(Records contained in a dataset)

○ ○ ○ ○

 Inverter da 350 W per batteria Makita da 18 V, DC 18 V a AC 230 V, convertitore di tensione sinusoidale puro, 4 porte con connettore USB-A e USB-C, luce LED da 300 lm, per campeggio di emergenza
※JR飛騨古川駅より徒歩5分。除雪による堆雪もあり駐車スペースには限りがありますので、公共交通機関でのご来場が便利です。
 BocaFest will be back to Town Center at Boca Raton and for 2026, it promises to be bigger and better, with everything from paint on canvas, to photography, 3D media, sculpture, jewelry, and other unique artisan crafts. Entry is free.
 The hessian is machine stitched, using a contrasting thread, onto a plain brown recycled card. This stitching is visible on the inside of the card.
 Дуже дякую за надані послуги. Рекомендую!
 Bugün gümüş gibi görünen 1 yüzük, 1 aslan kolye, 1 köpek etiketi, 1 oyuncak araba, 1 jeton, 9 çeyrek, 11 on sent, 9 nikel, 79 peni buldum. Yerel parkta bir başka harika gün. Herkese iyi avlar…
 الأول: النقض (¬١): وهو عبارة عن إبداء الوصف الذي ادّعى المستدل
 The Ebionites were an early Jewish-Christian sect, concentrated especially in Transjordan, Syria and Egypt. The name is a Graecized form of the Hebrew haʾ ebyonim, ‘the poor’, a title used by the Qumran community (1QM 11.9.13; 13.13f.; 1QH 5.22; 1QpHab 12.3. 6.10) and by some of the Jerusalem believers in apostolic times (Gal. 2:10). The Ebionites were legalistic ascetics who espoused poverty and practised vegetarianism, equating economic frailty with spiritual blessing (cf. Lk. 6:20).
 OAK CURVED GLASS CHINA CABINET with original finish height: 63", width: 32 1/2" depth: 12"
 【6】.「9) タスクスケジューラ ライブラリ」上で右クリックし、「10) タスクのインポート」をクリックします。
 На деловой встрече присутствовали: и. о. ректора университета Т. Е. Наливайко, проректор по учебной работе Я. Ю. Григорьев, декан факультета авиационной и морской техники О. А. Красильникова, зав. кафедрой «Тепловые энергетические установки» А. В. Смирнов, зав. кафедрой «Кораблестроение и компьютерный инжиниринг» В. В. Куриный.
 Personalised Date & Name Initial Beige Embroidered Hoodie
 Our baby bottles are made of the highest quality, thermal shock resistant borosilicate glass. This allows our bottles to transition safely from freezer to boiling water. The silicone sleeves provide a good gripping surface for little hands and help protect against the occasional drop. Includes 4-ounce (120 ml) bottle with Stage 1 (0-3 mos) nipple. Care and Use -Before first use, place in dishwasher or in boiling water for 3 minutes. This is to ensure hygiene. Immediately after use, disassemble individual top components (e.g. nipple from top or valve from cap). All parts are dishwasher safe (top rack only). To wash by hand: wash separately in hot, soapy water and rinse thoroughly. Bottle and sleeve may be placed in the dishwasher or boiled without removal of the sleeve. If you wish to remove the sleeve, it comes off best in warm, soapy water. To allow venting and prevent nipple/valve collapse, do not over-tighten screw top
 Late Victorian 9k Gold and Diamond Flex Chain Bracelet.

○ ○ ○ ○

WHAT THE TASK ASKS: Using the data above, repeat exactly the lines that begin at the line with "Дуже дякую за надані послуги. Рекомендую!" and end at the line with "OAK CURVED GLASS", both ends included.

THE COMPLETED TASK:
 Дуже дякую за надані послуги. Рекомендую!
 Bugün gümüş gibi görünen 1 yüzük, 1 aslan kolye, 1 köpek etiketi, 1 oyuncak araba, 1 jeton, 9 çeyrek, 11 on sent, 9 nikel, 79 peni buldum. Yerel parkta bir başka harika gün. Herkese iyi avlar…
 الأول: النقض (¬١): وهو عبارة عن إبداء الوصف الذي ادّعى المستدل
 The Ebionites were an early Jewish-Christian sect, concentrated especially in Transjordan, Syria and Egypt. The name is a Graecized form of the Hebrew haʾ ebyonim, ‘the poor’, a title used by the Qumran community (1QM 11.9.13; 13.13f.; 1QH 5.22; 1QpHab 12.3. 6.10) and by some of the Jerusalem believers in apostolic times (Gal. 2:10). The Ebionites were legalistic ascetics who espoused poverty and practised vegetarianism, equating economic frailty with spiritual blessing (cf. Lk. 6:20).
 OAK CURVED GLASS CHINA CABINET with original finish height: 63", width: 32 1/2" depth: 12"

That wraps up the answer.